If you want to dip your toe into the world of exfoliating acids without breaking the bank, try this serum. It’s still quite a high concentration, so use it a couple of times a week to begin with. 

Dr Howard Murad
Dr Howard Murad

Best known for his eponymous skincare line, Dr Murad is a dermatologist, pharmacist and clinical professor. 

Retinoids

“Retinoids are a key ally in the treatment of hyperpigmentation,” advises Dr Phillips. “They are a group of compounds related to vitamin A that exert a number of key effects on the skin. Retinoids exfoliate the skin, renewing the top layer and lifting away superficial pigment in the process. They also suppress pigment production and enhance the effects of other anti-pigment ingredients.” 

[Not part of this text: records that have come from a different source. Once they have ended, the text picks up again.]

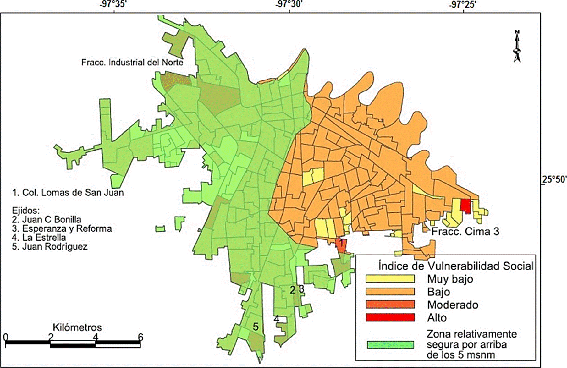 Por otra parte, en términos de vulnerabilidad, es preciso señalar que la margen sur de la desembocadura del río Bravo prácticamente es la más riesgosa, en particular las áreas ru-rurbanas (antiguos ejidos) ubicadas en la porción oriental de la demarcación municipal (zona baja menor a cinco msnm), dicha zona de inundación, también puede estudiarse desde lo que Tovar Cabañas y Vázquez Espinosa (2017) denominan potamoweack (una parasíntesis que emplean dichos autores para darle mayor fluidez epistemológica a la vulnerabilidad vinculada exclusivamente a una inundación). En ese sentido, usando los datos sociodemográficos del Inegi (2011a), a través de un cociente de localización (Lira y Quiroga, 2009) adaptado para fabricar un índice de vulnerabilidad social se pudo conocer de forma relativa el nivel socioeconómico de las principales manzanas urbanas en situación de potamoweack de la ciudad costera de Matamoros.
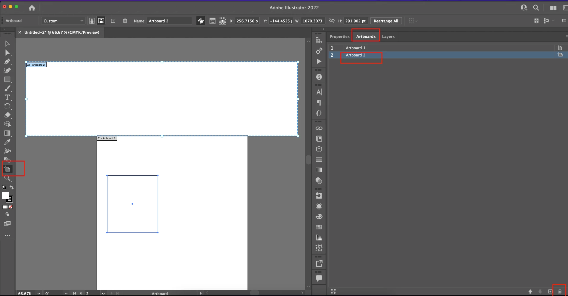I seem to have end-up having multiple, unneeded Artboards in one file. How do I remove the ones without the artwork?
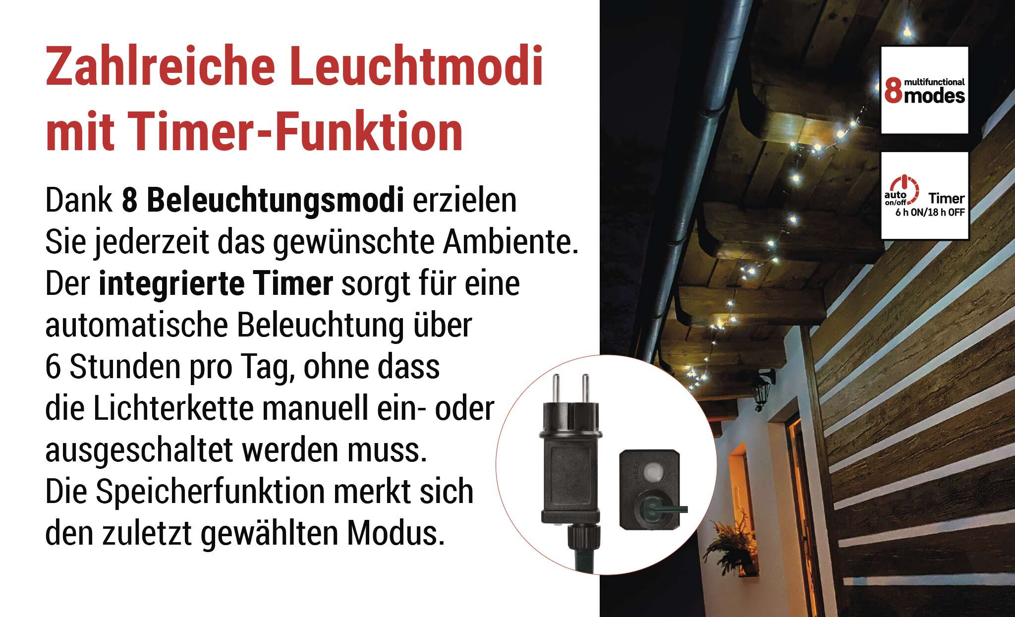 Der zuletzt gewählte Modus wird automatisch gespeichert, so dass die Kette beim erneuten Einschalten genau so leuchtet, wie Sie es zuletzt eingestellt haben.
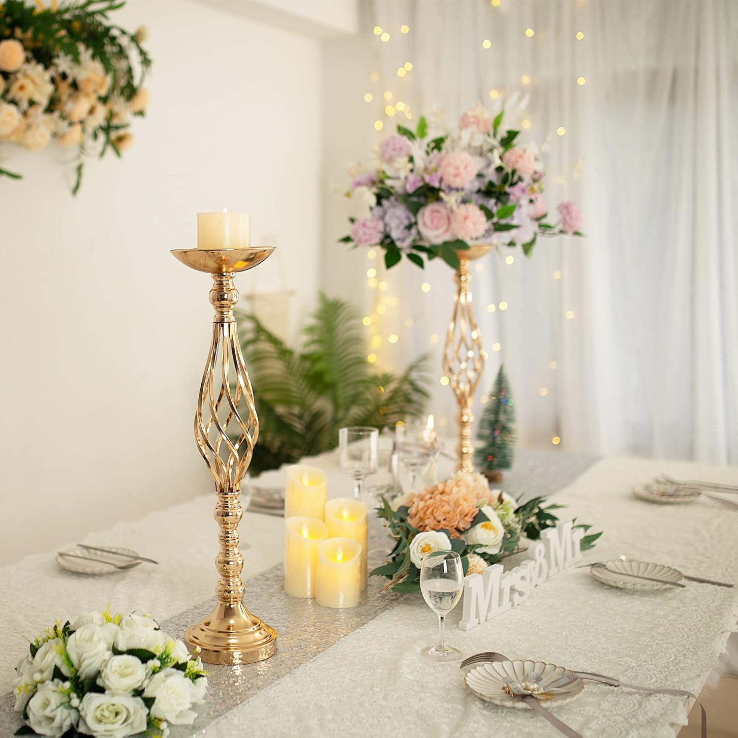- PACKAGE INCLUDES: 2 pcs of gold wedding centerpieces. These centerpieces are 59cm/23.23" high. Their base is 14cm/5.51" wide, and the top opening diameter is 15cm/5.91".
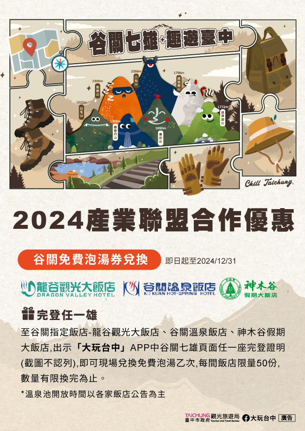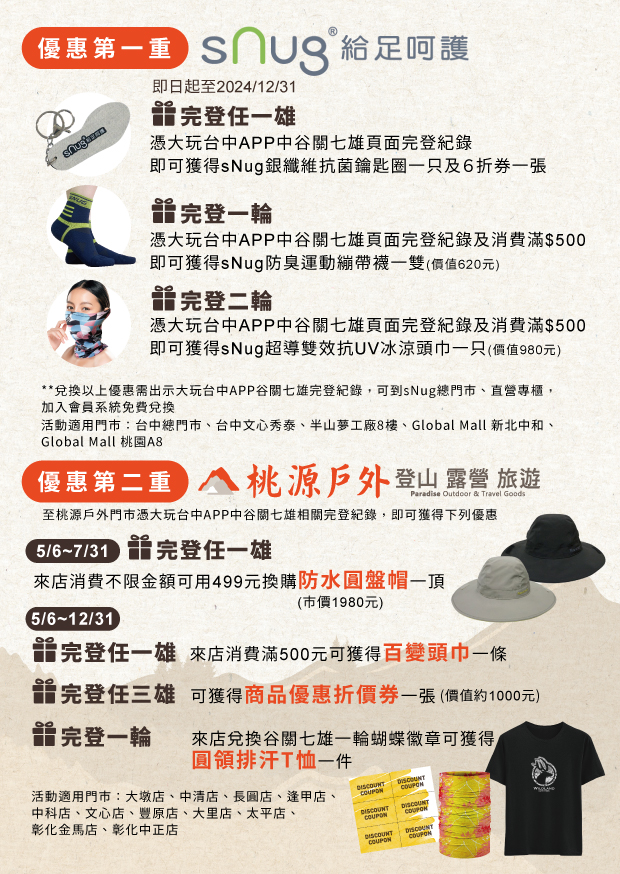 觀旅局補充,每年山友們期待的產業聯盟合作優惠,今年也持續進行,即日起民眾可憑大玩台中APP中的谷關七雄完登紀錄至合作店家兌換相關優惠產品。此次合作的店家有戶外用品專賣店-桃源戶外、機能襪專賣-sNug給足呵護、谷關知名溫泉飯店-谷關溫泉飯店、神木谷假期大飯店、龍谷觀光大飯店,各店家依不同的完登任務提供多項兌換優惠,除大台中地區,部分品牌門市更擴及彰化、南投、新北、桃園地區,歡迎民眾踴躍參與,因各店家合作內容及活動起始時間皆不同,詳細活動內容及兌換條件請上「谷關七雄,趣遊臺中」活動官網查詢(https://travel.taichung.gov.tw/zh-tw/event/activitydetail/8831)。

Retinoids pack a punch, so it’s important to understand how to use retinol and introduce them to your routine slowly. “It can take for your skin to adjust to retinoids, and therefore as a rule of thumb start with a low concentration and apply one or two nights a week, building up over time,” adds Dr Phillips. “Applying a gentle moisturiser after the product can reduce irritation.” How often you should use retinol will ultimately depend on how sensitive your skin is – some people can tolerate it every night, while for others just twice a week is enough. Remember too that retinoids are a nighttime-only ingredient and can increase sun sensitivity, making that daily sunscreen all the more important.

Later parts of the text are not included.